Thursday, August 17, 2006

What a week !!!

This week has been really active in astronomy: There is some new discovery about dark matter that deserves a press conference on next monday (from the participants list that includes Cosmic Variance´s Sean Carroll and Maxim Markevitch I can bet it will regard the Bullet Cluster, John Baez actually has the same guess) this cluster is really interesting and it certainly deserves a future post in this blog (maybe before monday´s press conference) , a team reports to have found the limit between main sequence stars and brown dwarfs and it is 8.2% of the mass of the Sun, but undoubtely the event that is getting most attention is IAU´s new definition of a planet that is going to be discussed at IAU´s reunion in Prague.

Actually this is not a redefinition of the planet concept, the truth is that we have never had a definition at all! The reason is that of the current nine accepted planets six were known since prehistoric times (when people used FORTRAN and hunted woolly mammooths) because they are easy noticeable in the sky (changing it's position everyday and not blinking as stars). When W. Herschel discovered Neptune and the posterior finding of Uranus (which was predicted by theoretical calculations!!!) it was clear that they were very similar to the known planets so there wasn't much contreversy.

Using the same theoretical arguments it was expected that a ninth planet would eventually emerge and Clyde Tombaugh eventually "found" it at Lowell Observatory in 1930. It was only decades later when it's "moon" Charon was found and it became possible to approximate Pluto's mass, this mass is so small that it has a negligible effect on the orbits of the other planets (another interesting feature of the Pluto-Charon system is that the center of gravity of this system is outside of Pluto, so both orbit a common center somewhere between them) so the question remained open and the existence of a "Planet X" was expected (at least by a few astronomers). Today we know that the data used for the "theoretical" prediction of Pluto was simply wrong and there is nothing as a "Planet X", although high precission measure of the orbits of the probes Pioneer 10 and 11 seem to point to some source of perturbation a major planet is not in the possible explanantions.

Recently the problem of defining a planet has emerged from two principal sources:


  • The extrasolar planets found using diverse techniques seem to be way more massive than Jupiter (the most massive planet in the solar system) and some of this planets were found so close to it's star that it challenged the model of planet formation of that time and it's still a bit problematic. It was hard to know where planets end and stars begin.
  • Searches for trans-neptunian objects started to show "minor planets" that are of almost of the same size of Pluto, actually one of them, Quoar, seemed to had the same size as Pluto, then some even bigger transneptunian objects were found like 2003 UB313 (Xena), Sedna, Orcus and 2005 FY9.
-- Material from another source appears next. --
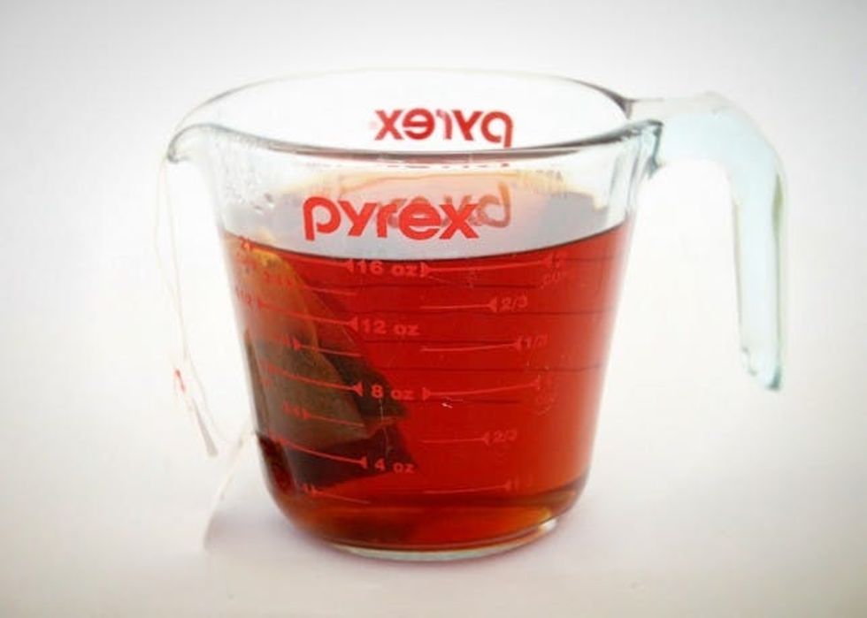 1. In a medium saucepan, bring 2 cups water to a boil. Once the water begins to boil, remove it from the heat. Add in the 2 black tea bags and steep for about 5-8 minutes. Once cool, remove the tea bags and discard.
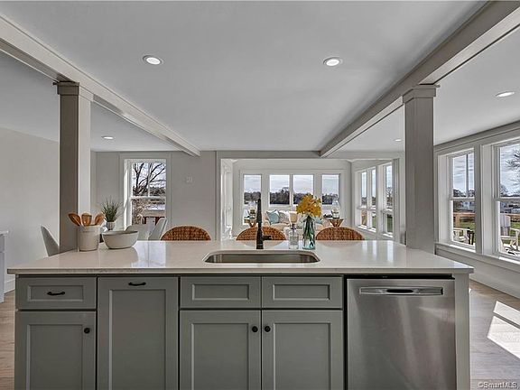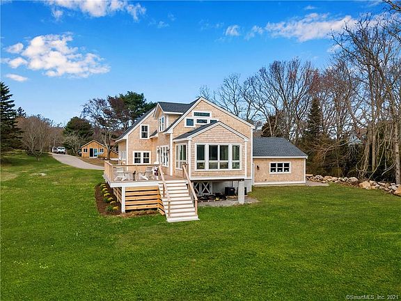 Waterfront home full of New England seaside charm! Located on Palmers Cove with over an acre of land, you will feel like you are on vacation every day with stunning views and direct access to incredible shoreline amenities. Once inside, youll find beautiful details throughout the completely remodeled home. Open main living areas feature crown molding, space for entertaining, and oversized windows for ample natural light. The gourmet kitchen features a large center island, stainless steel appliances, and beautiful cabinetry. The sunroom is sure to be a favorite spot to take in panoramic views of the water. On the other side of the home, a cozy living room with exposed wood beams creates a quiet retreat. Also on the first floor is a bedroom and full bathroom for one-level living. Upstairs, a sitting room at the top of the landing provides space for an office, and two generous bedrooms are complete with their own walk-in closet and ensuite bath. Outdoor living will also delight, with a new expansive cedar deck. Sit and relax while you enjoy the views, or head out to the water from your private dock. With direct access to Fishers Island Sound and hiking trails from the property, wake up and begin your adventure when you please! The property also features a 400 sq ft barn with electricity and water, ideal for a guest house, studio, or workshop. Located near Noanks beaches, restaurants, and shops. Added bonus: no flood insurance! Schedule your showing today!

This has generated much controversy about what is a planet, as our current list of planets seems to include an object that is esentially a big asteroid (Pluto) and some really big extrasolar planets that are almost stars. So the IAU has proposed the following definition:

A planet is a celestial body that (a) has sufficient mass for its self-gravity to overcome rigid body forces so that it assumes a hydrostatic equilibrium (nearly round) shape, and (b) is in orbit around a star, and is neither a star nor a satellite of a planet.

Using this definition the solar system would increase inmediately to 12 (planetary) members, and the new folks in town will be: Ceres, Charon (so the Pluto-Charon system would be considered a double planet) and Xena. There are other obvious candidates like Quoar that would enter the planet definition as soon as astronomers confirm their properties. The definition also includes a new class of planet: pluton that applies to all planets similar to (ughh) Pluto.


These are the "new" planets, one of them (Ceres) has been considered for long time as an asteroid of the asteroid belt between Mars and Jupiter.

In my personal opinion this "new" definition is nonsense, despite it is based on a scientific and unambigous definition it simply adopts a "leave no big icy rock behind" and this "new" solar system is way too messy (specially for the public, after all the definition isn't really that much relevant for astronomers), the solar system will have eventually hundreds of planets that have little (if any) in common like Ceres and Jupiter. Not only that, this definition is completely ambigous on the other end of the spectrum and leaves the separation between brown dwarfs and big planets as blurry as it can be. It is expected that the resolution will be decided on August 24th. Many of my peers are in Prague waiting impatiently the result of this resolution, I will inform you about it as soon as I can.

Look at some of the new candidates for planets, all them are very small, actually some of the moons of Jupiter and Saturn have the double (or more) of its size. Just compare the size of Vesta and Pallas (in the asteroid belt) with the size of the earth.